OGSLP Online News

April 24, 2008




Industry Update: Lender of Last Resort Contingency Plans and Market Liquidity


As you know, there’s been an influx of articles and discussions about the need to reestablish the Lender of Last Resort (LLR) procedures to ensure continued access to student loans through the Federal Family Education Loan (FFEL) program. The potential need for such a program could be amplified as some lenders are choosing to at least temporarily suspend student loan lending due to the combination of cuts from last year’s College Cost Reduction & Access Act (CCRAA) and current credit market challenges. Rest assured that the FFEL community is hard at work on a variety of fronts to advocate for solutions to both issues.

Earlier this month, Mary Mowdy, OGSLP Executive Director, attended a meeting with Education Secretary Margaret Spellings, senior members of her staff and guarantor representatives. As a result of that meeting, work to develop standardized LLR procedures and agreements is ongoing between the Department of Education (DE) and a National Council of Higher Education Loan Programs (NCHELP) task force comprised of guarantor operational, leadership and legal experts. The work being done by the joint task force has been very intensive and fast paced, including daily two-hour conference calls this week with the goal of having DE-approved policy and procedures published by early summer. OGSLP and other guarantors are utilizing information from these conference calls to anticipate the preparations that will be needed to adopt LLR procedures. Here in Oklahoma, we’re also working with our lender of last resort, the Oklahoma Student Loan Authority, as we finalize plans for the LLR process.

Of course, we’re hopeful that LLR plans will never be needed. One of the most important ways to circumvent student access issues is to support legislative initiatives that include structural components designed to infuse capital into the student loan marketplace, improving liquidity. Our work within the FFEL community to resolve these credit market issues continues. Mary Mowdy will represent NCHELP in her role as Board Chair at an April 29 meeting with Secretary Spellings and trade association representatives to discuss liquidity concerns and possible solutions. We look forward to the outcomes of this meeting and will keep our customers updated on both of these important, interrelated issues.

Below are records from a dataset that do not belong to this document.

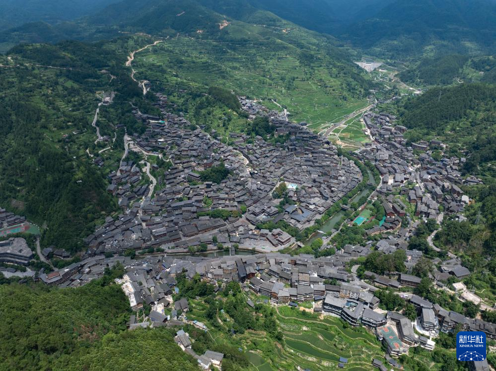 这是7月9日拍摄的西江千户苗寨全景(无人机照片)。
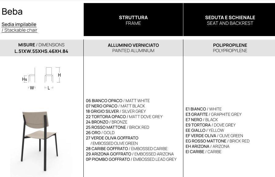 SET 4 SEDIE POINTHOUSE BEBA ALLUMINIO POLIPROPILENE
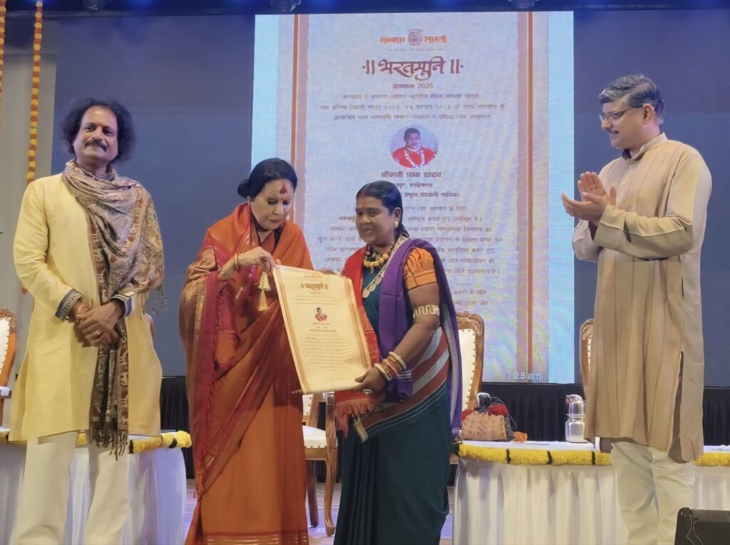 रायपुर । कला एवं साहित्य की अखिल भारतीय संस्था संस्कार भारती ने अखिल भारतीय *”भरतमुनि सम्मान 2025″* लोक कला के अंतर्गत छत्तीसगढ़ की वेदमती शैली की प्रमुख पंडवानी गायिका प्रभा यादव को सम्मानित किया गया। उनकी कला साधना और अपने कार्यक्षेत्र में विशिष्ट योगदान के लिए 01 फरवरी 2026 को ठाणे (मुम्बई महाराष्ट्र) के गडकरी रंगायतन सभा हॉल में एक भव्य समारोह में अखिल भारतीय *”भरतमुनि सम्मान 2025″* से अलंकृत किया।
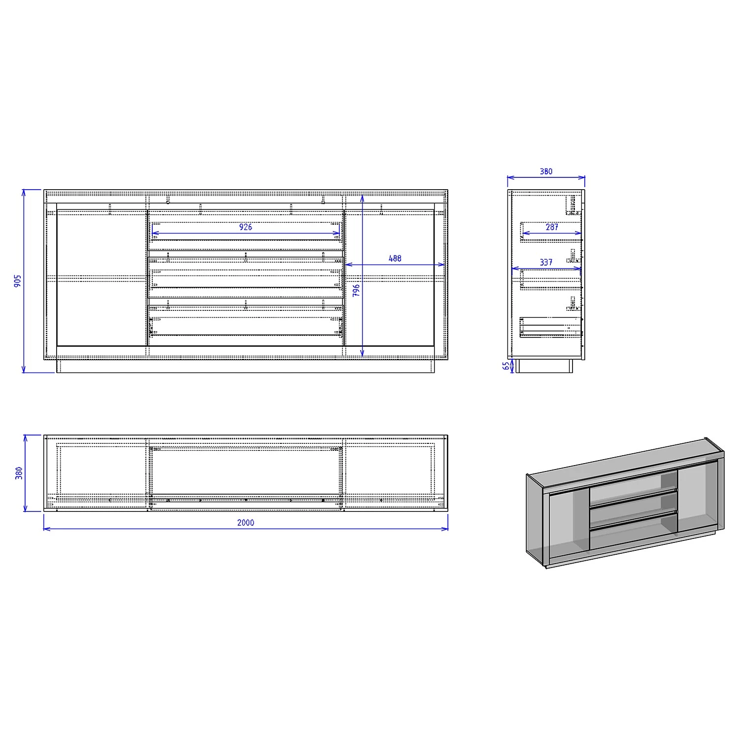 - Dimensions intérieures du tiroir : 92,6 x 8,5 x 28,7 (L x H x P)
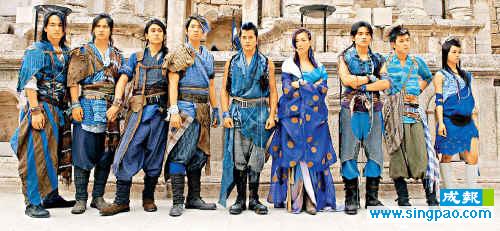 中新网4月22日电 据香港成报报道,九位百事巨星云集安曼古城,各自穿上古装一字排开,气势十足。站在中央的依然是百事老大哥郭富城,天后郑秀文站在他身旁,F4的少侠打扮各有特色,cool味十足,而周杰伦与蔡依林被陈冠希分隔开。九人的造型都是以蓝色为主,周杰伦还扎上长辨,令人甚为新鲜。
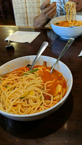 OK staff. Good sushi, or anything Japanese (sweet-flavored assortments) is great here. We ordered Chinese + Korean food, all pretty authentic. Everything seems decently priced, maybe a little bit on the medium-high side. The problem is that the portions are disappointing. $13 of any dish of the Chinese or Korean assortments give you hardly anything to start with. They give you little portions of meat, but jam-pack the whole thing with vegetables to make it seem like its an ideal amount. It wasnt. We ordered spicy everything, unfortunately, hardly spicy. Spicy, stir-fried squid was bland and tasteless. The spicy sauce seemed like it just was water + peppers so that it tasted hot. It did taste hot, but it had no flavor. Absolutely disappointing. We ordered spicy seafood soup. It looked hopeful, decent portions for the soup and lots of nice seafood stuffed into it. The soup, again, was tasteless. It had no comfort / savory bite to it. It tasted like the last drops of a soup that was clear. The spicy seafood soup should taste like any other crab styled soup, where the soup would taste with variety. It was literally just water, pepper, and if lucky: some seafood bite to the taste. It wasnt spicy either, unless I managed to trap the peppers in my throat and hoped the best. The sweet and sour beef / chicken was good. Tiny portions, overpriced. Dont go here if youve gone to a great korean / chinese restaurant at some point in your life. This place is flavorless compared to even Panda Express. Unfortunate. Do go here if you like foods with no tang or bite to it. I do give credit to this place for its heart and soul, they throw passion into cooking their meats near perfectly, but their spices and ingredients arent being used properly. Did I mention they have good sushi? Go here for sushi. Its pretty good.
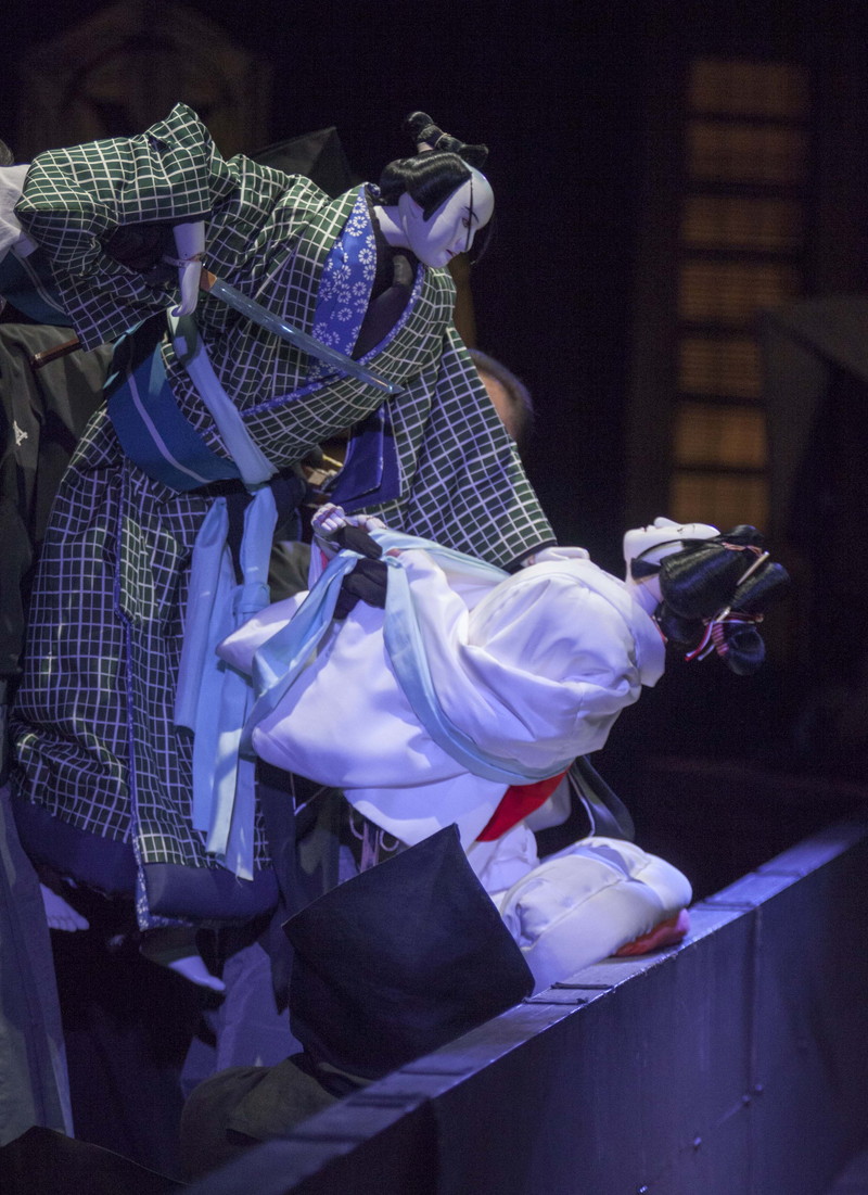 お初が店の縁の下に徳兵衛を潜ませ、足で心中の意思を伝える「天満屋」、「この世の名残、夜も名残…」と名文として知られる道行に始まり、悲しくも美しい心中で終わる「天神森」、二人の心の強い結びつきが感動を呼び、海外でも絶賛されています。
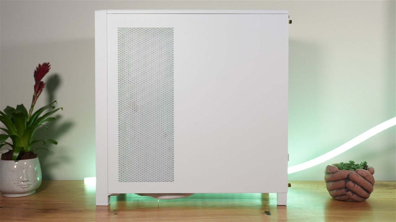 I tutaj po raz kolejny dochodzimy do tematu, który - jak już wiemy - zależy od wybranej konfiguracji. Ponownie skupimy się jednak na fabrycznej konfiguracji. A ta oferuje przede wszystkim szklany panel pokrywający niemalże cały bok. Z drugiej strony znajduje się z kolei panel blaszany z otworami wentylacyjnymi w miejscu, gdzie istnieje opcja montażu wentylatorów. I tutaj leci plus dla Corsair, bo zamontowali tam filtr przeciwkurzowy. Szkoda tylko, że nie siateczkowy jak na froncie i na spodzie, bo byłby zdecydowanie bardziej efektywny. Cóż, mimo wszystko dobrze, że coś jednak w tym miejscu chroni wnętrze przed zanieczyszczeniami. Koniecznie trzeba jeszcze dodać, że panele mocowane są przy pomocy szybkośrubek. Szkoda, że nie postawiono na bezśrubkowe mocowanie, jak chociażby na froncie obudowy. Niby nie jest to wada, ale bez śrubek zawsze jest szybciej i wygodniej.
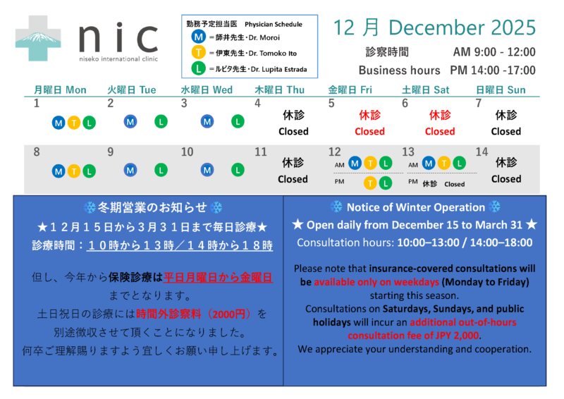 From December 4th (Wed) to 6th (Fri), the clinic will be closed all day due to our annual winter preparation meeting and staff training.

We urge you to support current pending legislation that will provide liquidity back into the marketplace by contacting your congressional delegation members and expressing support for the FFELP liquidity measures included in any and all of four bills: HR 5715 (Ensuring Continued Access to Student Loans Act), which has passed the House; S 2815 (Strengthening Student Aid for All Act), which has similar provisions as HR 5715; and HR 5723 (Emergency Student Loan Market Liquidity Act) and its companion, Senate bill S. 2847. Although none of these efforts alone will solve the current liquidity problems, combined, they will help a great deal.